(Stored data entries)

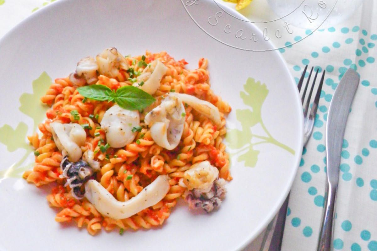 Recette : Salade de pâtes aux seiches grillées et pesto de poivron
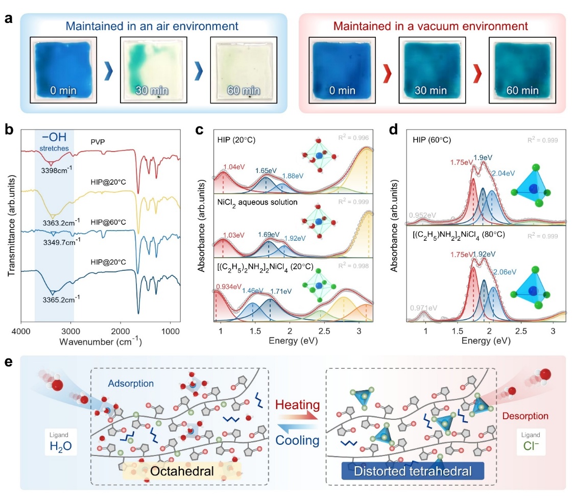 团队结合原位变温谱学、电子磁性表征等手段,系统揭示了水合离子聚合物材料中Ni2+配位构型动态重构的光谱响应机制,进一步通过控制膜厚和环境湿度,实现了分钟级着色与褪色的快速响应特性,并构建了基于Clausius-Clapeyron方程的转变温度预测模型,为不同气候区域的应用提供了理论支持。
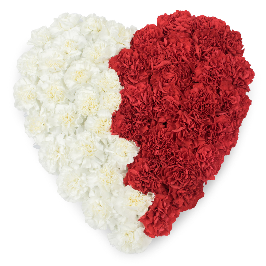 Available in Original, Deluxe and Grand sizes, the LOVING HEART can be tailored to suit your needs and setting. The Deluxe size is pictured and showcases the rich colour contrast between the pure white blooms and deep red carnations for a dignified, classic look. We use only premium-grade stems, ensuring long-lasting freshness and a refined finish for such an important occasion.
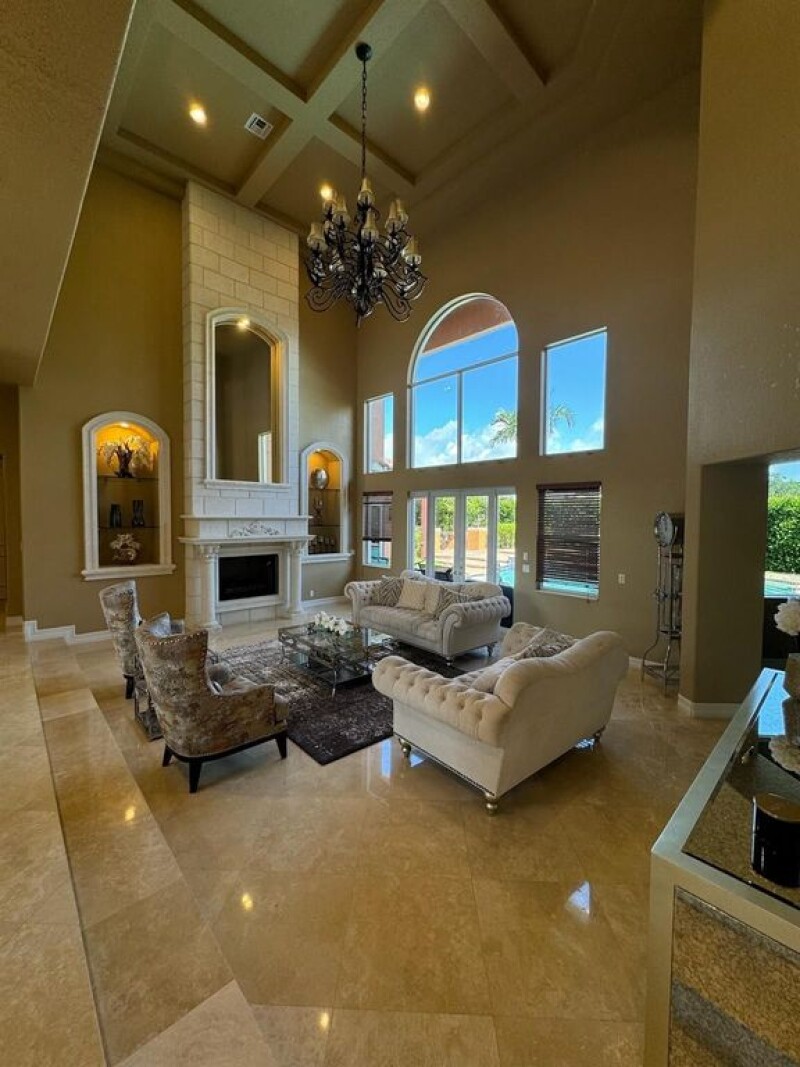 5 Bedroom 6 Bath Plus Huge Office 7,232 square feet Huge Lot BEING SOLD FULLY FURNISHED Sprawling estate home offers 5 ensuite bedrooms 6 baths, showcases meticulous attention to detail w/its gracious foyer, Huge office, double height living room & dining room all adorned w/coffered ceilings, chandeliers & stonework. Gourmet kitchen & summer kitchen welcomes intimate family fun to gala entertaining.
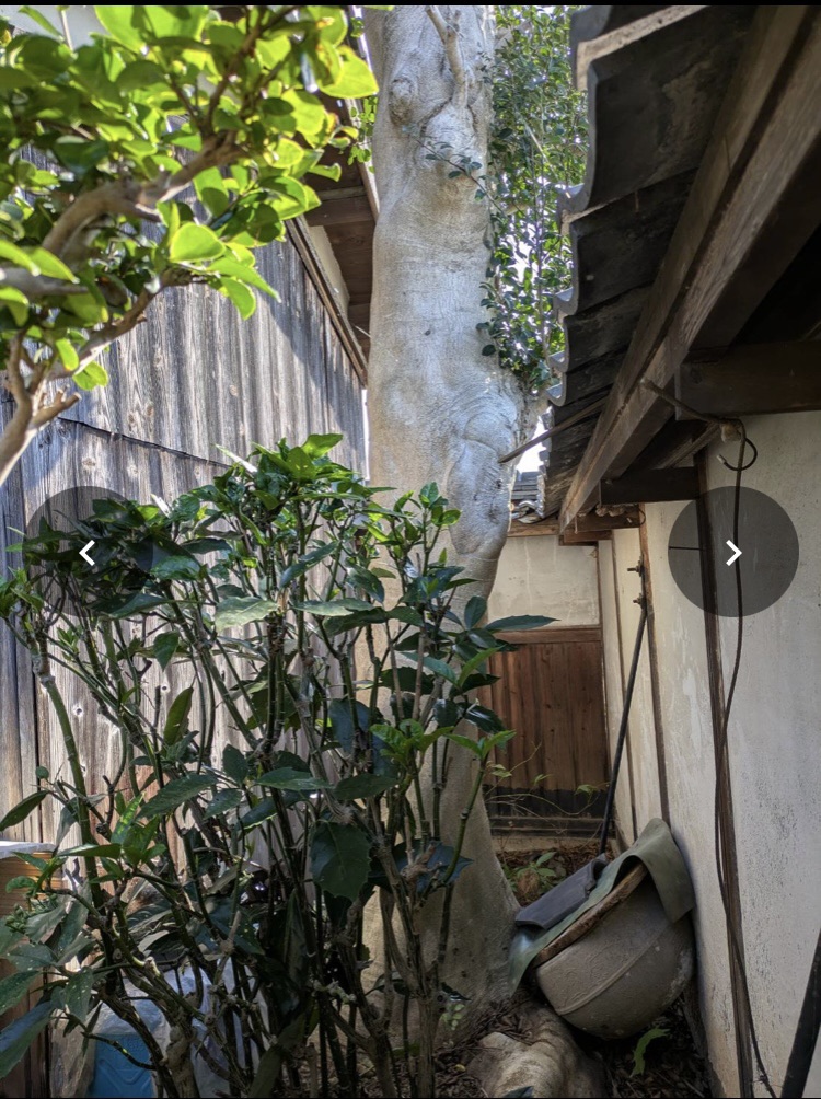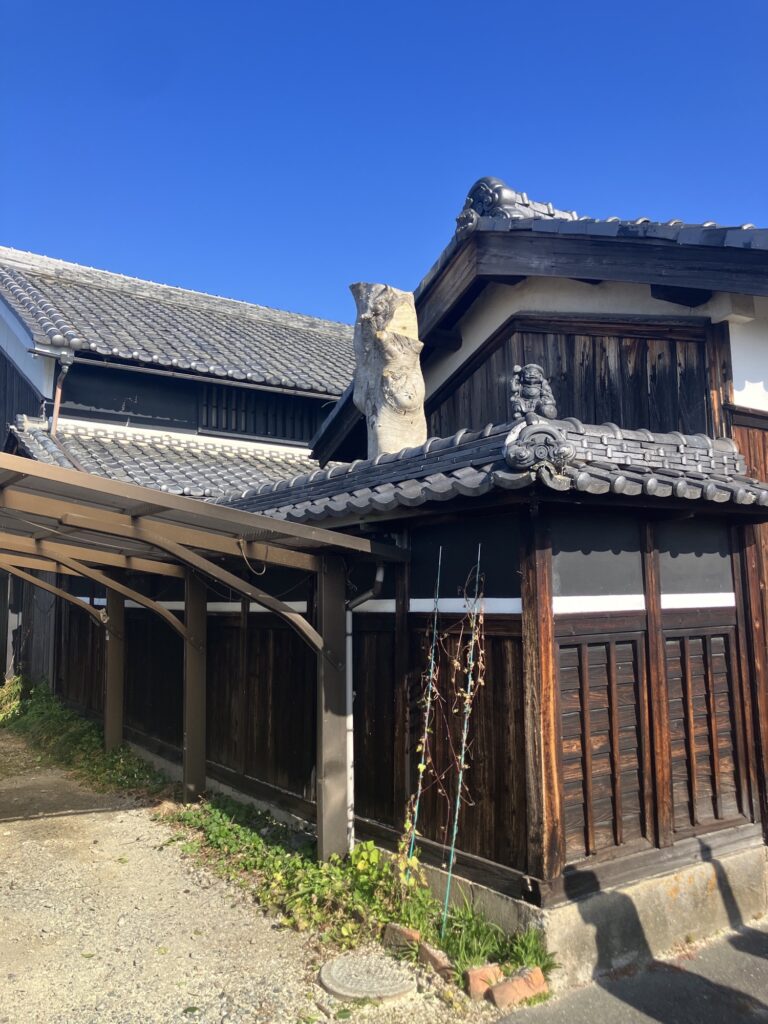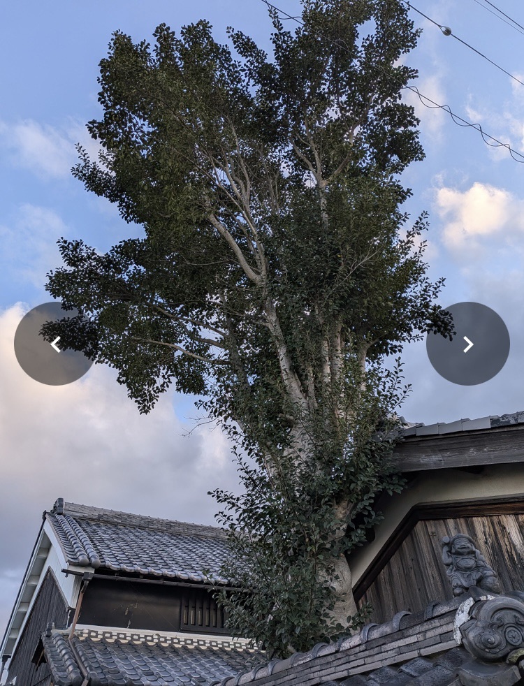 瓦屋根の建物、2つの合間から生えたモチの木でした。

• **What you should do**: Print only the lines from the first line of the data above through the one containing "Available in Original, Deluxe", exactly as they are, with pictures omitted.

• **Result below**:
 Recette : Salade de pâtes aux seiches grillées et pesto de poivron
 团队结合原位变温谱学、电子磁性表征等手段,系统揭示了水合离子聚合物材料中Ni2+配位构型动态重构的光谱响应机制,进一步通过控制膜厚和环境湿度,实现了分钟级着色与褪色的快速响应特性,并构建了基于Clausius-Clapeyron方程的转变温度预测模型,为不同气候区域的应用提供了理论支持。
 Available in Original, Deluxe and Grand sizes, the LOVING HEART can be tailored to suit your needs and setting. The Deluxe size is pictured and showcases the rich colour contrast between the pure white blooms and deep red carnations for a dignified, classic look. We use only premium-grade stems, ensuring long-lasting freshness and a refined finish for such an important occasion.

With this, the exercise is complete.